Surface composition does not always significantly impact cellular adhesion. Thompson et al. observed that terminal layer had no statistical significance when PEMs were sufficiently stiff to support cellular adhesion.55 When compliant PAH and PAA multilayers with an approximate Young's modulus of 200kPa were used as substrates for microvascular endothelial cells, the terminal layer (comprised of either PAA or PAH) had no statistically significant effect on cell density on day 7.55 Similarly, chondrosarcoma adhesion on crosslinked PLL- and HA-terminated PEMs did not vary, with both substrates almost entirely colonized by day 6.83 These studies suggest that there is a subtle interplay between cellular adhesion and chemical and physical properties of PEMs.

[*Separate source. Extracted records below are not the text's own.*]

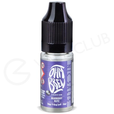 Blueberry Blitz nicotine salt e-liquid by Ohm Brew Nic Salts is a simple fruit with a bold taste. The sharp yet sweet blueberry flavour is present from inhale to exhale for a distinct vape.
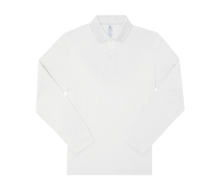 Polo homme manches longues 210 - Plaquette renforcée 2 boutons. Col et poignets en bord côte 1x1. Maille piquée.
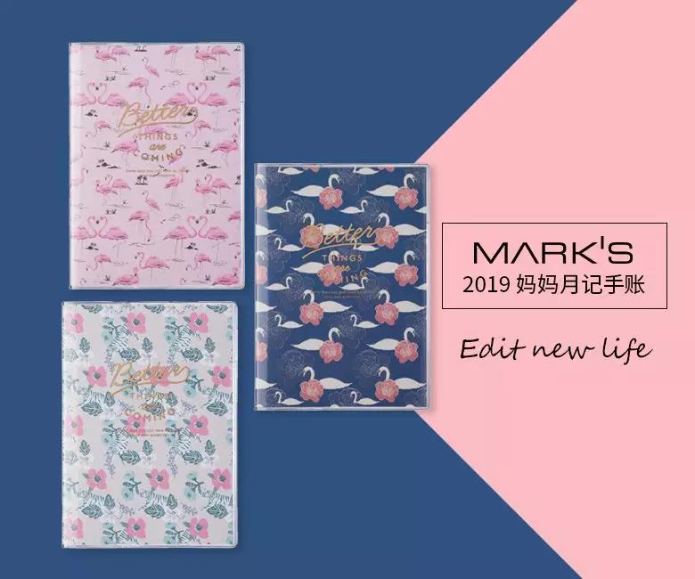 Part1:天鹅、老虎、火烈鸟等热门动物花纹与烫金文字的人气组合封面。火烈鸟款封面在2019年设计款中十分受欢迎,三种不同的元素带你感受不同的风情。火烈鸟充满热带风情,天鹅元素优雅宁静,老虎与花丛形成反差美。透明PVC封套印有“Better Things are coming”英文语句。用MARK'S妈妈手帐记录孩子的每一个成长变化。
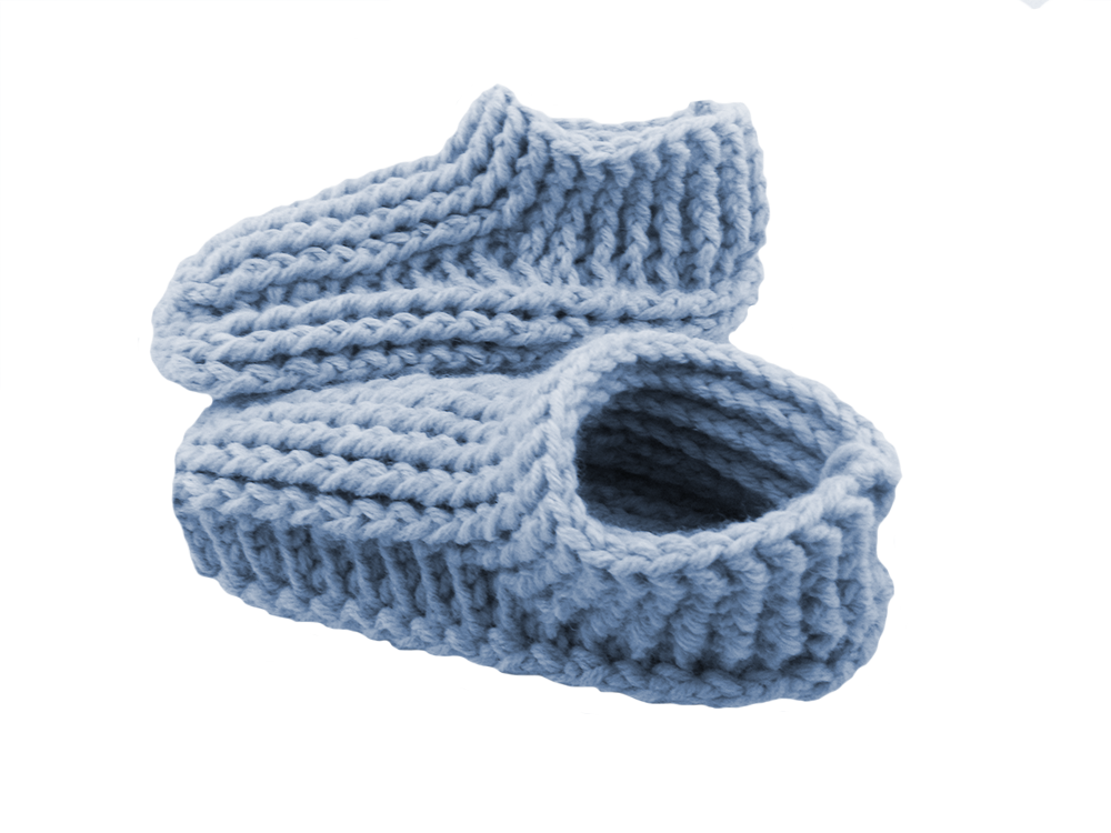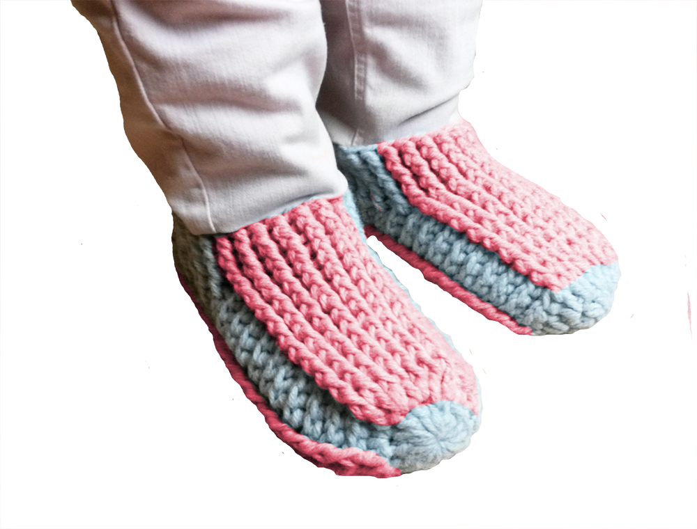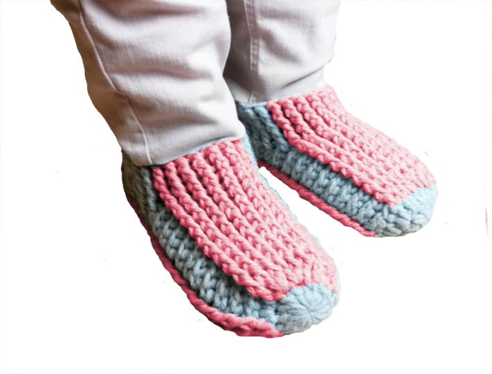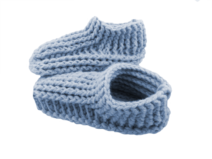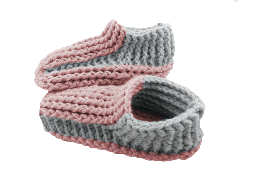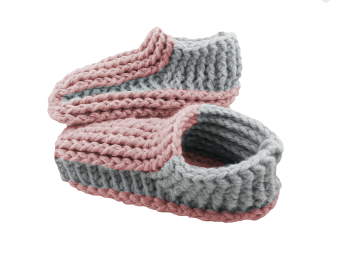 Für die hier gezeigten Slipper brauchen Sie ca. 150 g Wolle bei Gr 36-38.
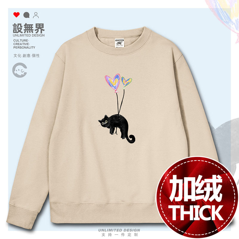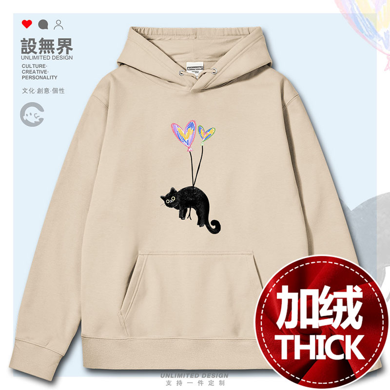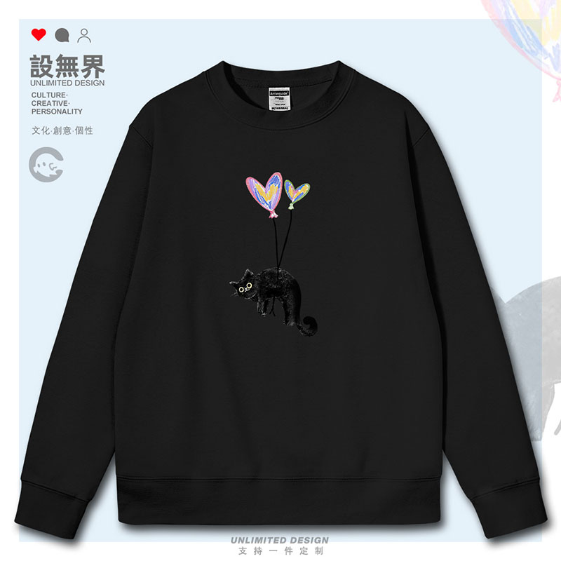 呆萌猫咪气球简约线条铲屎官趣味个性 无界 连帽卫衣男女潮0017设
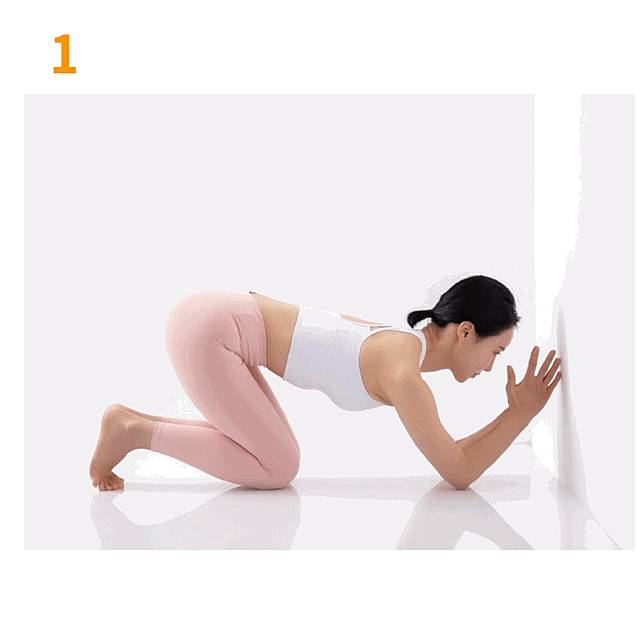 俯身屈膝,雙臂手肘彎曲並觸地。(Tip:兩側手肘與肩同寬。)
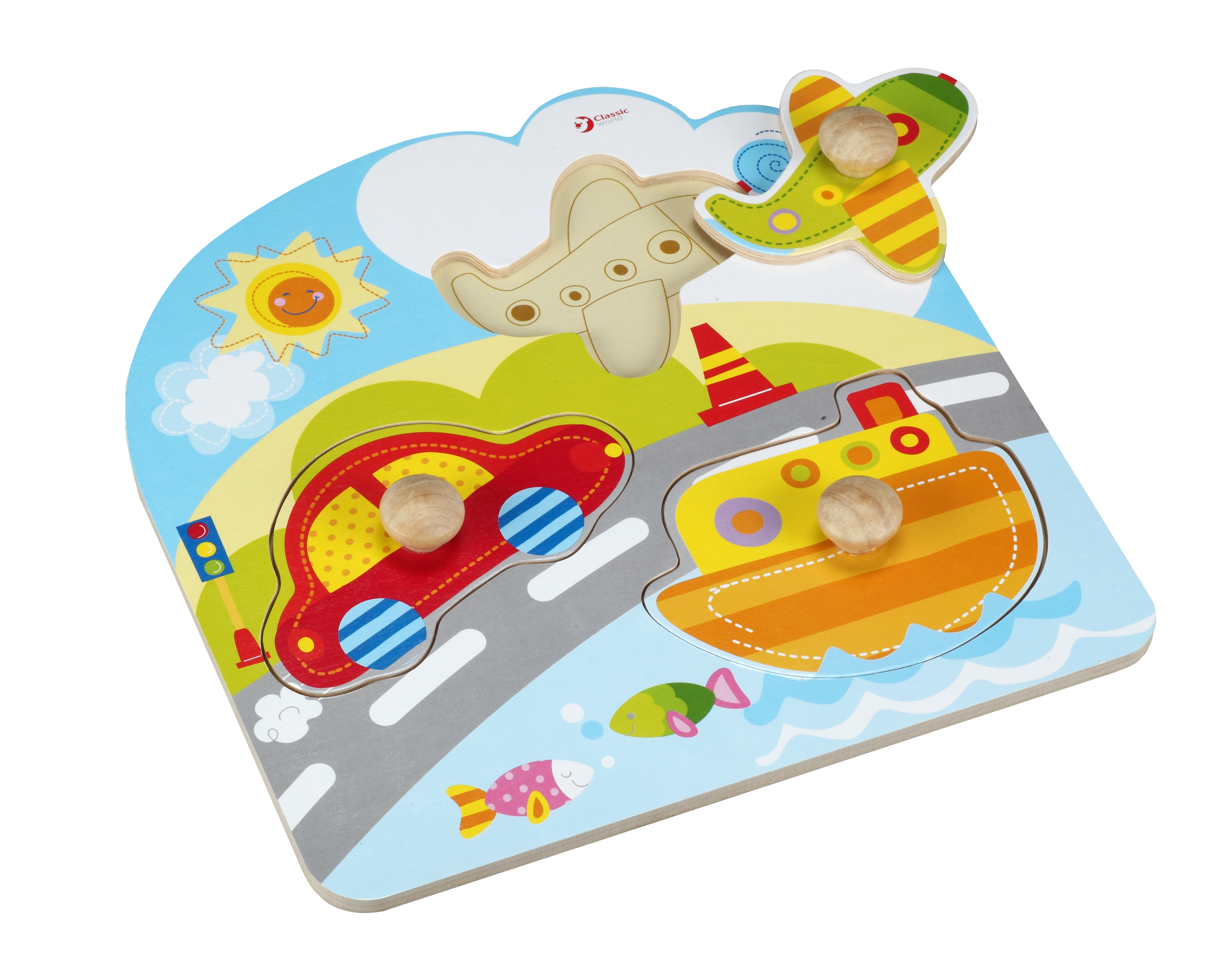 A bright and vividly coloured puzzle, perfect for little hands. Each piece has a handle to make movement easier. This puzzle also helps children to recognise different kinds of transportation.

Topographical cues play an important role in vivo, since cells are exposed to environments ranging from the micro- to the nanoscale.61,63 The ability to control PEM surface topography is extremely important in tissue engineering. Basement membranes in vivo typically exhibit porosities ranging from the nano- to the microscale to enable the diffusion of gases and nutrients to the cells.84–86 When PAA and PAH multilayers were exposed to an acidic aqueous solution (pH 2.5), microporous PEMs were obtained (Fig. 2). The transition from a nonporous to porous state was attributed to polymer cleavage and reorganization.10 The characteristic pore length was 100–500nm after 60s exposure to an acidic solution (pH 2.4). Upon treatment at neutral pH for >1h, pore size diminished to ~50–200nm. By heating PEMs above 200°C, amidization occurred and created inter- and intrachain crosslinks, and the films were found to be stable under ambient conditions up to 18 months.10 In another study, Hiller et al. used a similar approach to introduce nanoscale pores in PAH/PAA films.11 By reducing the pH of the acidic solution to 1.8, pore sizes were reduced to 15–80nm.11 In addition to lowering the pH, salts such as NaCl and MgCl2 were added at low concentrations to promote structural rearrangements.11,87 Recently, nano- and microporous PEMs were used to mimic the basement membrane in the cornea (typical porosity ranging from 20 to 200nm).44,84,85 PAA and PAH multilayers exhibiting pore sizes ranging from 50 to 240nm were used to culture human corneal epithelial cells (HCECs).44 HCECs cultured on nanoporous PEMs exhibited two-fold higher migration speeds in comparison to microporous films, 30 and 15μm/h, respectively.44 In addition, HCECs exhibited well-defined actin cytoskeletal structures and vinculin focal adhesions only on the nanoporous substrates.44 These examples demonstrate that by simply varying the surface topography of a PEM, cellular response can be controlled.44,88
Maintenance of cellular phenotype is paramount in any tissue engineering application. The ability to measure in vitro cellular responses to conditions that recapitulate the environment in vivo can provide comprehensive insights into the behavior of implanted biomaterials. PEMs are often designed with finely tuned bulk properties like Young's modulus and degradability, in addition, such films can be further modified to maintain or induce specific phenotypic characteristics.89,90 In the following sections, the use of PEMs in the fields of regenerative medicine and stem cell differentiation will be highlighted.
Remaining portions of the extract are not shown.